Computational biology and chemistry·2026

Same journal

Role of Artificial Intelligence in bioinformatics: Revolutionizing molecular docking and DNA tokenization.

Computational biology and chemistry·2026

Same journal

An interpretable framework for cancer drug response prediction using integrated drug and multi-omics data with a hybrid Bi-LSTM-GRU network.

Computational biology and chemistry·2026

See all related articles

Search research articles

Related Experiment Videos

Robust data imputation.

Karlien Vanden Branden¹, Sabine Verboven

¹Joint Research Centre, TP 361, 21020 Ispra VA, Italy.

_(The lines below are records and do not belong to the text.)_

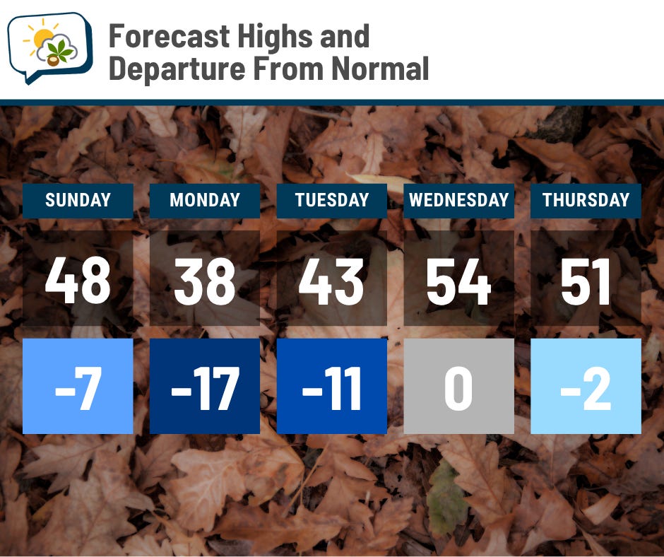 Monday’s going to be downright cold. A high of 38 — which is 17 degrees below average — will be accompanied by enough wind to keep feels-like temperatures in the 20s. It’ll be more typical of early January than early November.
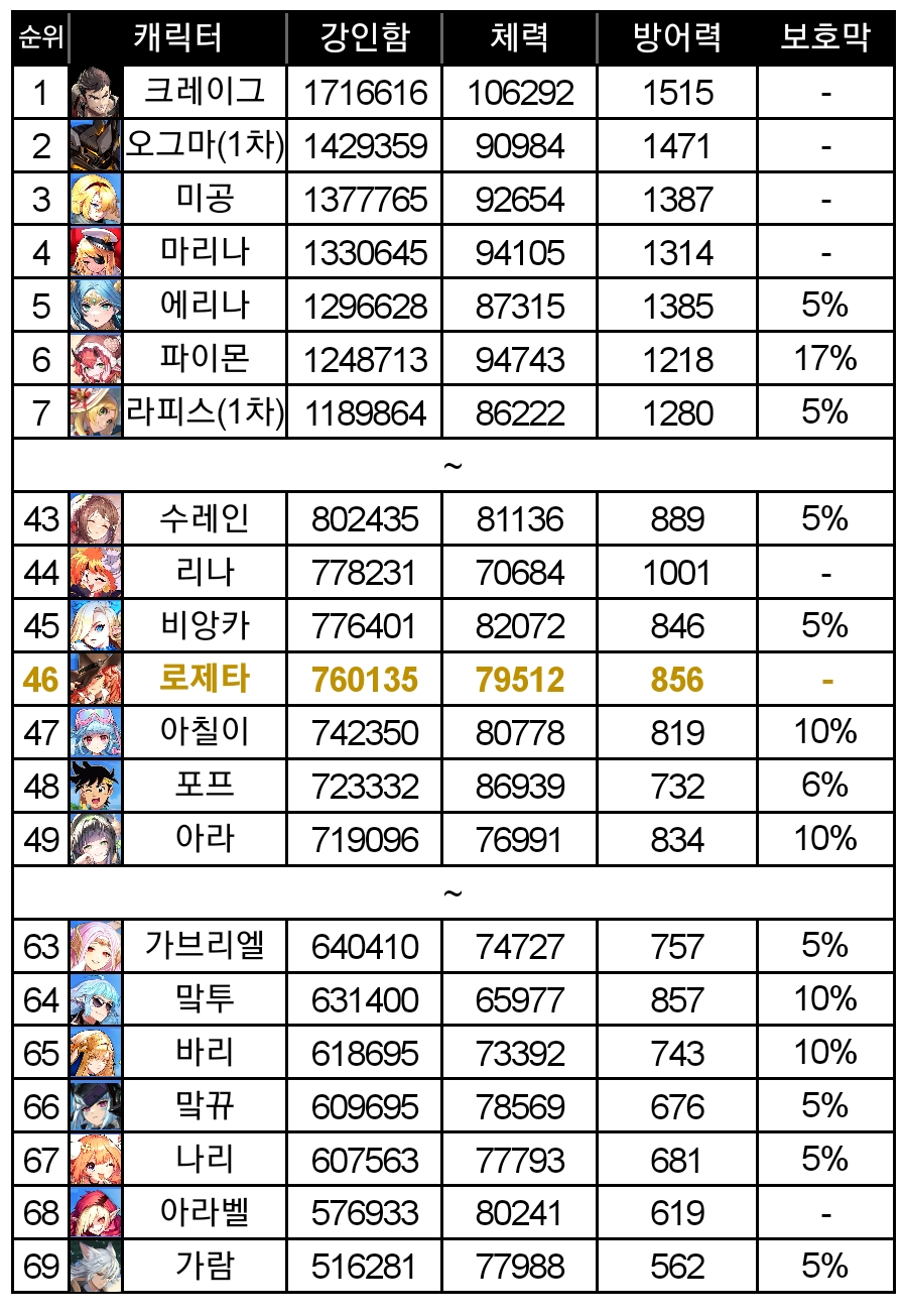 길레:당장에 로제타의 길레쪽 유틸이 전무한데다가, 초공도 독보적으로 높은게 아니다보니 길레 채용 가능성은 없음.
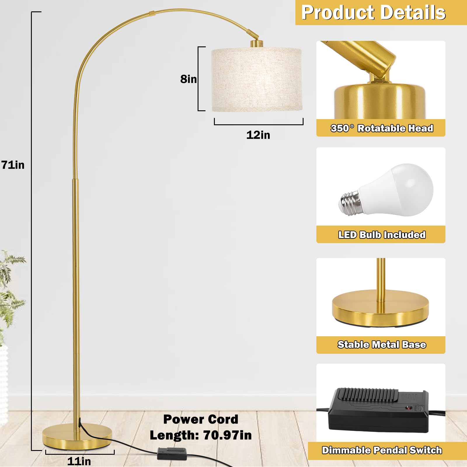 • Practical Stepless Dimming Function: Controlled by a foot dimmer switch on the power cord, this gold floor lamp provides 0-100% smooth brightness to meet your daily lighting needs. No need to stoop down to reach out, an easy push with feet will enable you to customize the brightness from dim to bright, great companion for reading, working, leisure and resting.
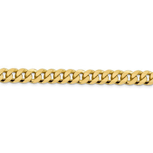 Flat curb links of 14k yellow gold enhanced with beveled edges form an attractive bracelet that looks great alone or layered with multiple chains to complete your desired style. It features solid links that measures 8.75mm in width by 9-inches in length and closes with a reliable lobster clasp.
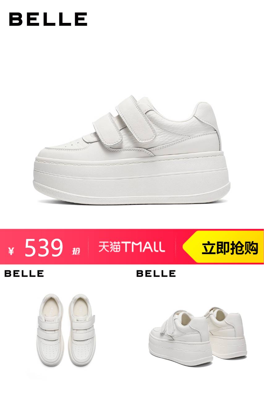【领60券+88vip+淘金币抵15元+消费券到手387】百丽简约魔术贴小白鞋女2026春新,干净利落魔术贴方便穿着,经典版型,修饰腿型百搭不挑人,稳健拔高塑造高挑身姿~
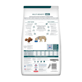 A Ração Seca Hill's Prescription Diet w/d Multi Benefit para Cachorros Adultos é um alimento coadjuvante seco para o manejo nutricional de cachorros adultos responsáveis às fibras, propensos à obesidade ou obesos, ao manejo da glucose, problemas digestivos e redução de riscos de desenvolvimento de pedras de estruvita.
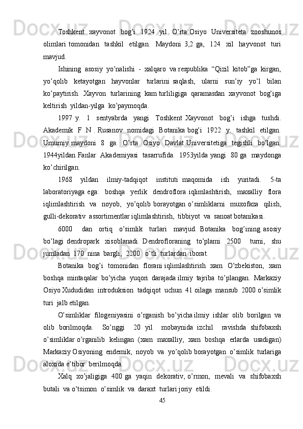 42 Toshkent    xayvonot   bog’i    1924   yil    O’rta Osiyo   Universiteta   zooshunos

Computational Biology and Chemistry

|September 6, 2008

Summary

This summary is machine-generated.

This study introduces a new robust imputation method for bioinformatics data, addressing outlier issues in gene expression data. The method improves accuracy and data cleaning for reliable statistical analysis.

Related Experiment Videos

Area of Science:

Bioinformatics
Statistical Genetics
Computational Biology

Background:

Missing data imputation is crucial in bioinformatics, particularly for gene expression data.
Existing single imputation methods often lack robustness and are sensitive to outliers.
Outliers in gene expression data can negatively impact imputed values and subsequent analyses.

Purpose of the Study:

To evaluate the performance of existing imputation techniques in the presence of outliers.
To introduce a novel robust imputation method designed to handle outliers effectively.
To demonstrate the benefits of the proposed method, including data cleaning and extension to multiple imputation.

Main Methods:

A simulation study was conducted to test various imputation techniques with outlying gene expression data.
A new robust imputation method was developed and implemented.
The method was extended to a multiple imputation approach.
A classification example was used to illustrate the method's performance.

Main Results:

Existing imputation methods showed a lack of robustness when outliers were present in gene expression data.
The newly developed robust imputation method effectively handled outliers, improving imputation accuracy.
The robust imputation procedure also demonstrated data cleaning capabilities.
The multiple imputation extension of the robust method effectively addressed the uncertainty of imputed values.

Conclusions:

Robust imputation methods are essential for accurate analysis of gene expression data containing outliers.
The proposed robust imputation method offers improved performance over existing techniques.
The method provides a valuable tool for data cleaning and reliable statistical inference in bioinformatics.
The multiple imputation extension enhances the handling of imputation uncertainty.